W. o’ W.: Roy Harris

“I was born into a family of farmers. Farmers don’t talk very much, the ones that I’ve known, anyhow. They sit around the table, have dinner, and very little is said. That doesn’t mean that they are not thinking, but they are thinking in other terms. They are not thinking in the conventional word terms. They are thinking in terms of the essence of things—what a tomato looks like, what is the texture of a peach, what a horse can do in terms of power, what the sun feels like, or what the quality of moonlight is. They are thinking in these terms, I think, more than they are in the terms of words and the social implications of words… I think that is a wonderful and fortunate beginning for a person who is going to become a composer.

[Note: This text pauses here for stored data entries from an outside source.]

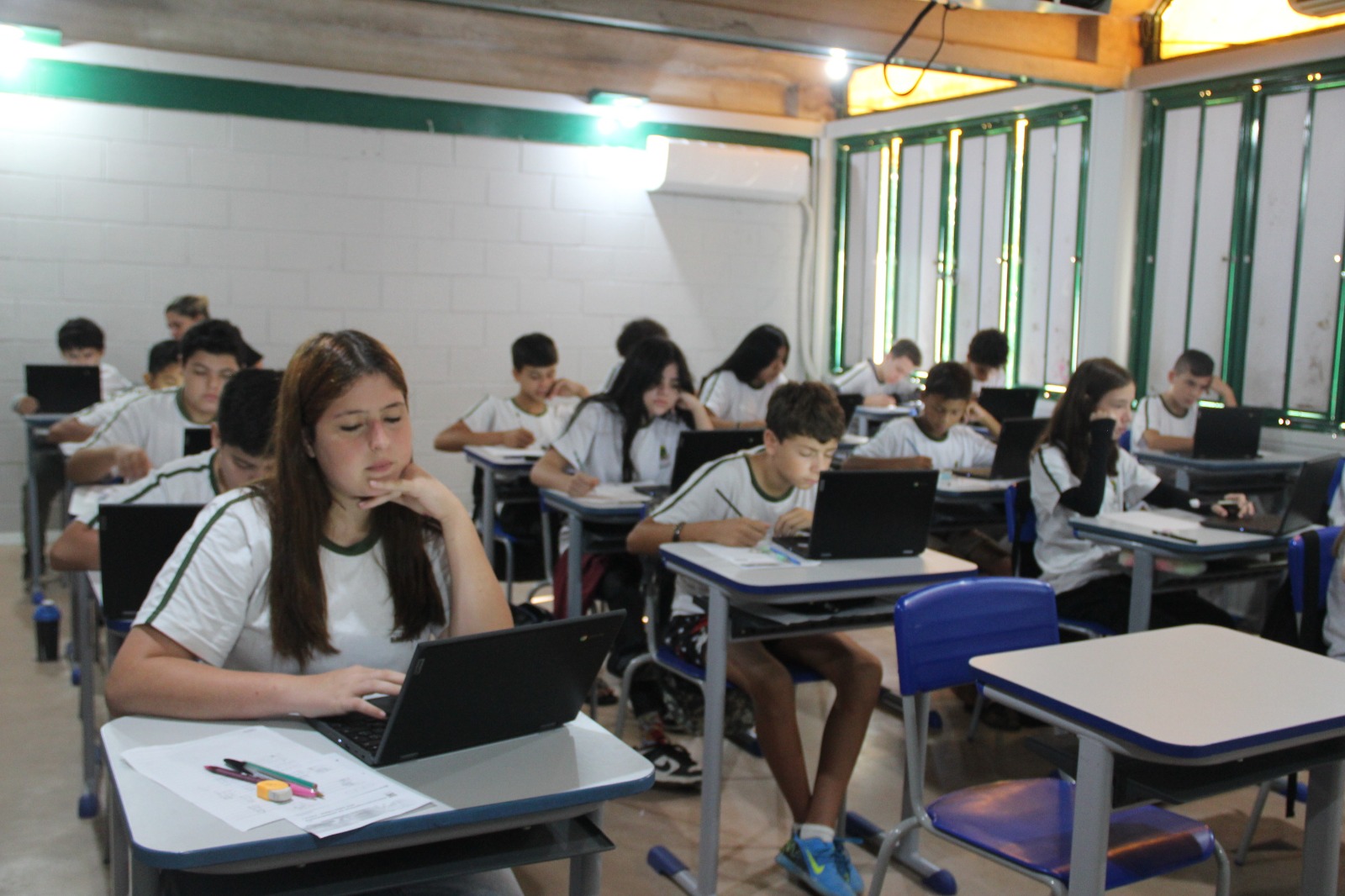 Em Brusque, as crianças da Rede Municipal de Ensino respondem às provas por meio do chromebook, sem necessidade de impressão do material. As questões são objetivas e discursivas e envolvem as disciplinas de português, matemática e ciências.
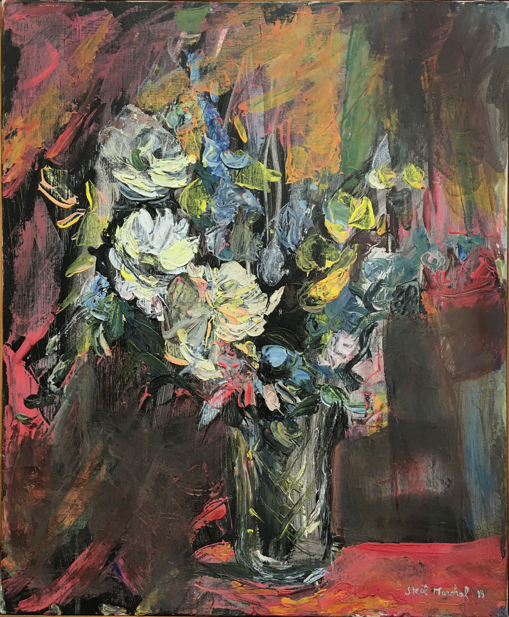 Peinture Acrylique sur Toile - L 61cm X H 73.5 cm Titre - Bouquet fleurs de champs - Année 1989 Artiste Danielle STEIL MARCHAL
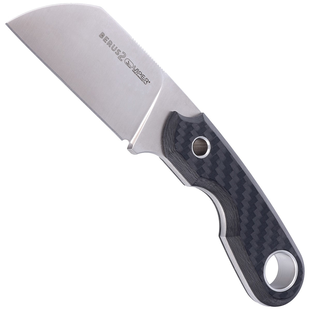 Berus 2 Carbon Fiber, design by Tommaso Rumici. Kuty z jednego kawałka stali, lekki 95 g kompaktowy wielofunkcyjny nóż włoskiej marki Viper. Charakteryzuje się wygodnym uchwytem oraz ostrym jak brzytwa, krótkim mocnym ostrzem z płaską krawędzią tnącą.
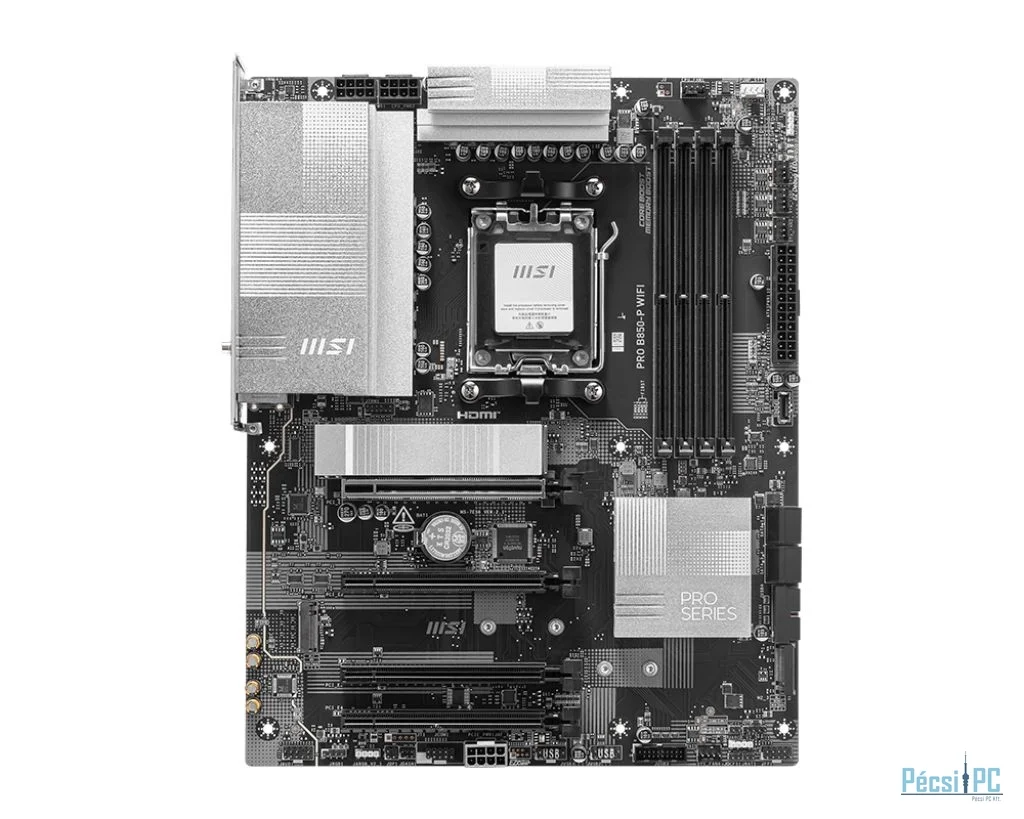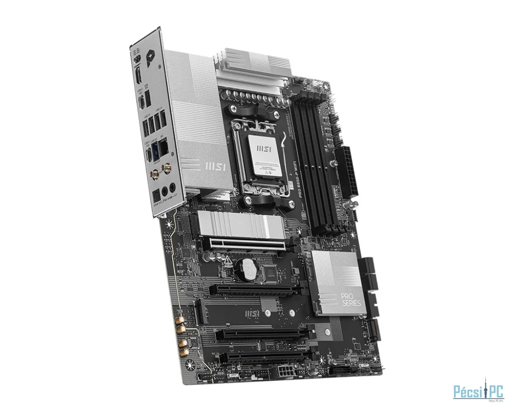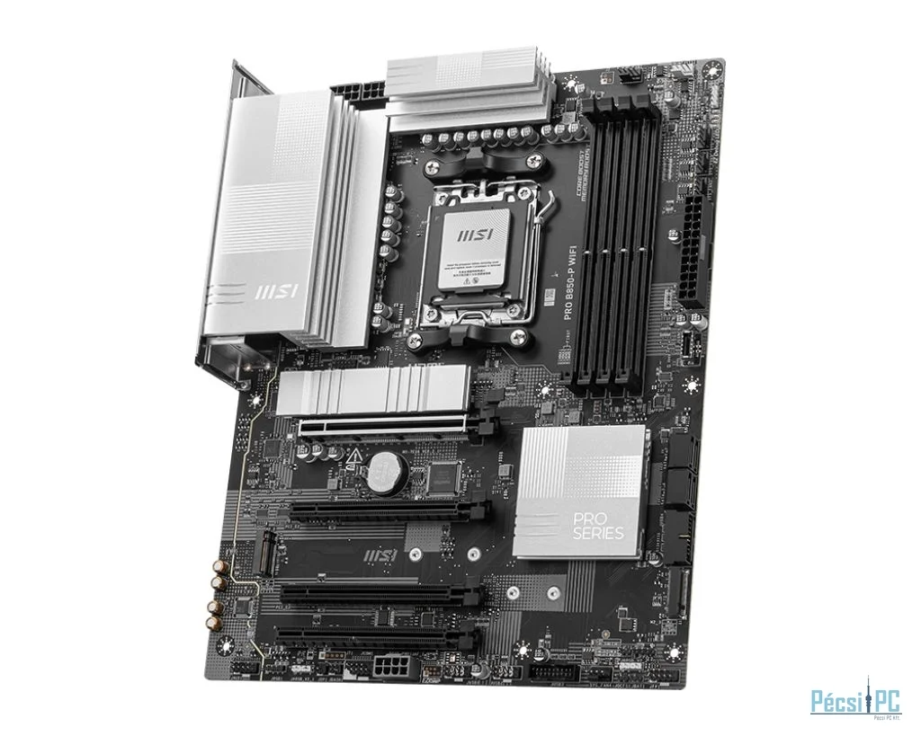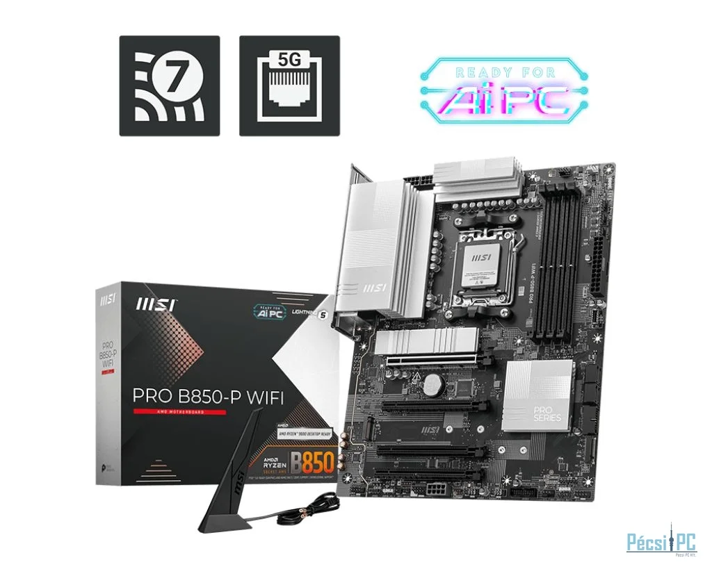 AM5, AMD B850, 4xDDR5, Max:5600MHz, Max:256GB, 4xPCIE16, 4xSATA3, RAID, 4xUSB, 1xUSB3, 1xUSB3.2, 2xUSB3.2C, HDMI, 7.1, SPDIF optikai kimenet, 5Gb/s LAN, WiFi, Bluetooth, 3xM.2, ATX

This is because music is not a word language but a time-space language… It’s a matter of subjective identification and transference.”

“I don’t think one really decides to be a composer; it sort of happens… I got into music, I suppose, because I was drawn into it, and I think probably this is the only real way to do it. I think life has to draw you into things. I don’t think you make decisions about things.”

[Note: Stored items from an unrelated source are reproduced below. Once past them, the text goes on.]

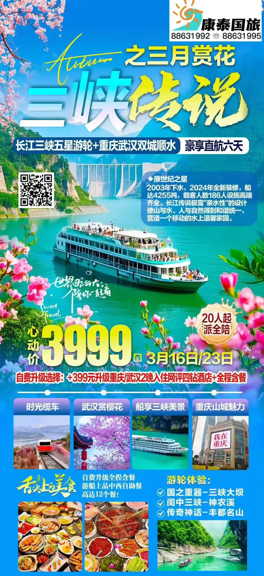 🉐报名缴交399元升级重庆/武汉2晚入住网评四钻酒店+全程含餐
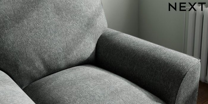 7.3.1 Buy Stamford Grand Relaxed Sit Armchair Cotswold Chenille Dark Grey Square Angle - Chrome Metal from the Next UK online shop Click here to use our accessible website
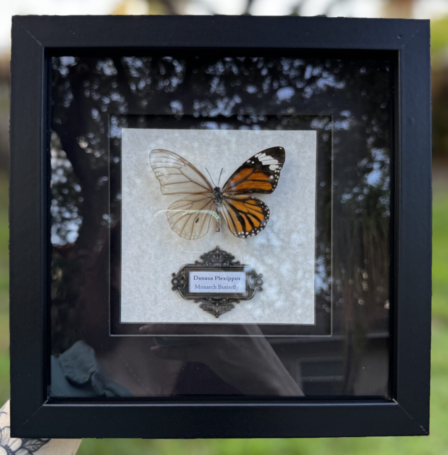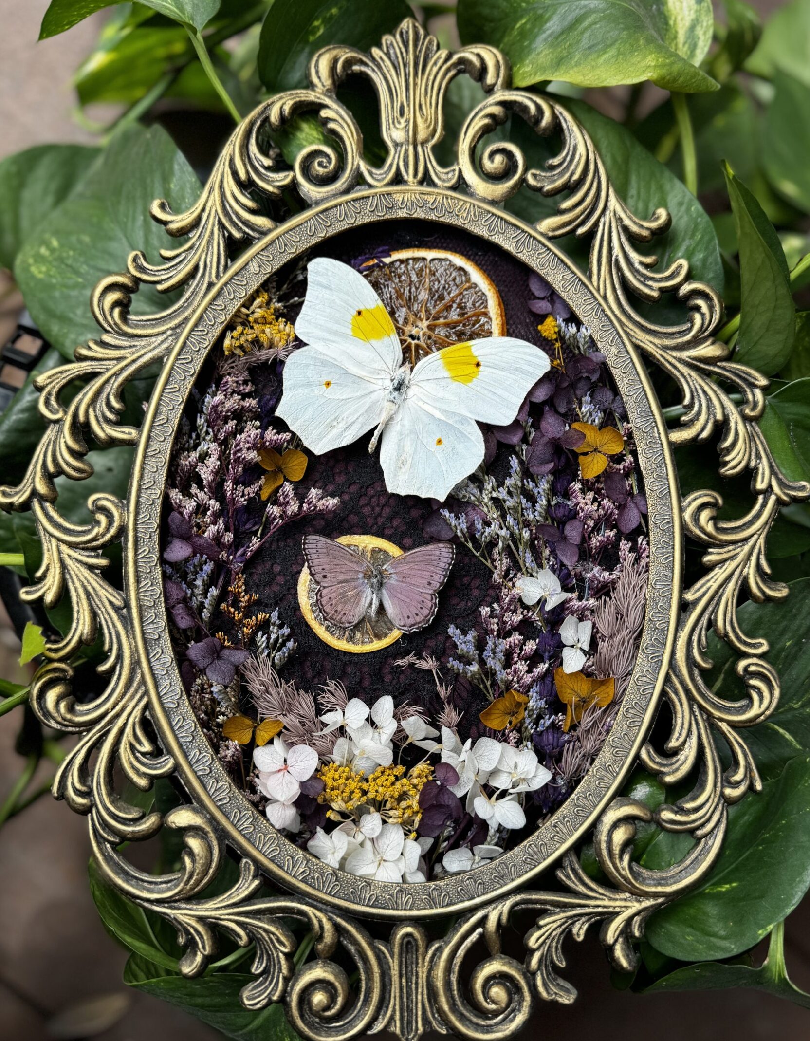 Real Preserved Spiderwebs in Antique Frame with Green Iridescent Mother of Pearl Butterfly

“The temper of the family has to be fairly even. If people are having tantrum fits, squalls, and all that sort of thing, then the creative work just goes down the drain because it doesn’t work. It requires a certain serenity and a certain kind of happiness… When I’m working very hard, I want somebody around who is very simple, very direct, very earthy, very matter of fact—like a peasant. But when I’ve finished work and I want to play, then I like somebody who is a sophisticate, who has been all over and knows many things, who is a fine conversationalist and is amusing, and who likes good food and all the arts, and all the fine values. I find that when I’m working very hard, my values are rather coarse in the sense that farmer’s would be—not coarse in a moral sense, but coarse-grained, rather. The people that I prefer to be with are people whom I can count on, people who are rather solid, not very full of subtleties. There is nothing that annoys me so much as subtlety when I’m profoundly interested in something else.”